Length of stay mean for the entire sample was 16.82 days (SD = 11.04) with a maximum stay of 56.00 days. Since the participants were originally enrolled in a prospective RCT of a neurobehavioral and cognitive intervention, data about history of SUD or AUD was collected prospectively during the trial from subjects’ medical records, specifically from their History and Physical forms in their medical charts. Attending physicians at both RCT study sites followed National Institute on Drug Abuse (NIDA), Centers for Disease Control (CDC), and Diagnostic and Statistical Manuals – IV and V (DSM IV and V) guidelines (National Institute on Alcohol Abuse and Alcoholism, 2015; American Psychiatric Association, 1994, 2013; Centers for Disease Control and Prevention [CDC], 2015) related to amount of consumption when determining presence or absence of history of SUD at admission to acute rehabilitation. At both sites, physicians entered “yes” to presence of pre-injury SUD and AUD if the medical history and current interview factors listed in Table 2 were present.
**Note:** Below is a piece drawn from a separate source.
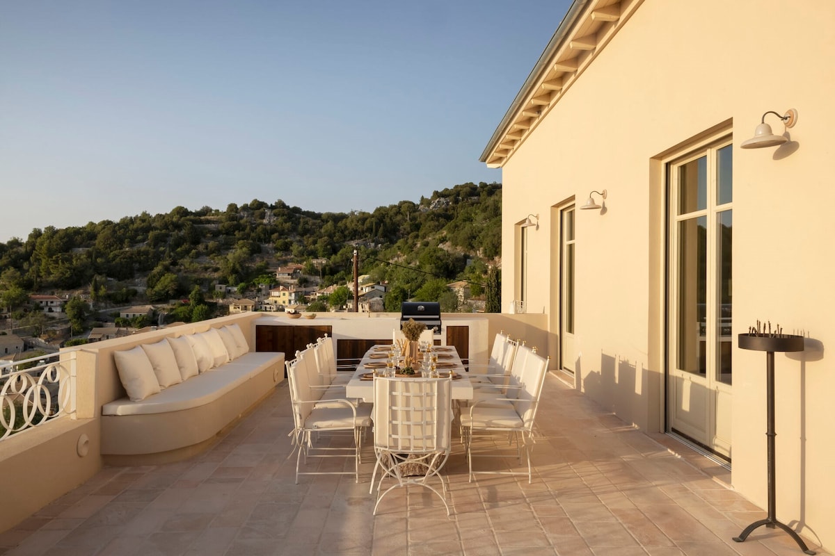 Savour the easy pleasure of island life at this serene Greek estate. Its surrounding landscape is rich with dense shrubbery and cypress trees that provide a natural shield of privacy. After dark, strategically placed lights illuminate the rugged stone façade, glass accents, and terracotta roof. The Ionian Sea is just beyond the backyard—why not charter a private yacht to cruise the coast in style? Two separate, equally stunning villas makeup Viva La Diva and both feature spectacular views of the Mediterranean-inspired garden. A dichotomy is created between old and new, offering a charming aesthetic to the interior. Rocky arched doorways lead from one room to another while faded hardwood floors flow throughout. An airy ambiance inside is achieved by towering vaulted ceilings and broad glass doors that disappear into the walls, opening up the living area and expanding the space onto the sun-drenched terrace. As you sip your morning coffee, perhaps catch a gull flying overhead or listen to the calming wind rustling through fragrant olive groves nearby. The heated infinity pool provides just the right amount of refreshing invigoration after basking in the midday heat. Sink into a plump lounger with a chilled glass of champagne, poured at the beach bar, as you watch the horizon transform into dusk. Either opt to feast on charcoal-grilled souvlaki in the solarium-style dining room or take your meal alfresco to enjoy an enveloping salt-infused breeze and a romantic, candlelit experience. Beneath the covered patio, a vintage Brunswick billiards table encourages friendly competition. Copyright © Luxury Retreats. All rights reserved. BEDROOM & BATHROOM • Bedroom 1 - Primary: King size bed, Ensuite bathroom with stand-alone shower, Walk-in closet, Television, Safe, Terrace • Bedroom 2: King size bed, Ensuite bathroom with stand-alone shower, Television, Terrace, Ocean view • Bedroom 3: King size bed, Ensuite bathroom with stand-alone shower, Television, Safe, Ceiling fan, Terrace • Bedroom 4: King size bed, Ensuite bathroom with stand-alone shower, Television, Terrace • Bedroom 5: King size bed, Ensuite bathroom with stand-alone shower, Television, Balcony • Bedroom 6: King size bed, Shared access to hallway bathroom, Bathtub, Television, Safe, Balcony • Bedroom 7: King size bed, Shared access to hallway bathroom, Stand-alone shower, Television, Terrace STAFF & SERVICES Extra Cost (advance notice may be required): • Activities and excursions • Linen change - twice per week • Gardener • More under “Add-on services” below

The investigators also collected data on level of intoxication when recorded at time of injury. Information about intoxication was inconsistently recorded with regard to type of substance or substances the patients were intoxicated by and BALs. However, 37.5% of participants were characterized by emergency department provider chart notes as “intoxicated” on alcohol or polysubstances at time of injury. Given the inconsistency of recording of BAL and lack of evidence that intoxication was correlated with history of substance abuse, we did not include the variable “intoxication” in our analyses.
Measures
Measures given at baseline, at discharge, and at six-month post-discharge follow-up included The Disability Rating Scale (Gouvier, Blanton, LaPorte, & Nepomuceno, 1987; Rappaport, Hall, Hopkins, Belleza, & Cope, 1982), the FIMTM (Corrigan, Smith-Knapp, & Granger, 1997; Hall, Bushnik, Lakisic-Kazazic, Wright, & Cantagallo, 2001; Hall, Hamilton, Gordon, & Zasler, 1993), self, family, and clinician ratings of the Patient Competency Rating Scale (Kolakowsky-Hayner, Wright, & Bellon, 2012; Sveen, Mongs, Roe, Sandvik, & Bautz-Holter, 2008); self and family rating of the Frontal Systems Behavior Scale (Grace & Malloy, 2001; Hicks et al., 2013; Lane-Brown & Tate, 2009; Stout, Ready, Grace, Malloy, & Paulsen, 2003), and the Neurobehavioral Rating Scale (McCauley et al., 2001; Rapoport, McCauley, Levin, Song, & Feinstein, 2002; Soury et al., 2005; Vanier, Mazaux, Lambert, Dassa, & Levin, 2000). The scores of these measures were later analysed to determine if there were associations between history of substance abuse and patient functional and neurobehavioral status at these three time points.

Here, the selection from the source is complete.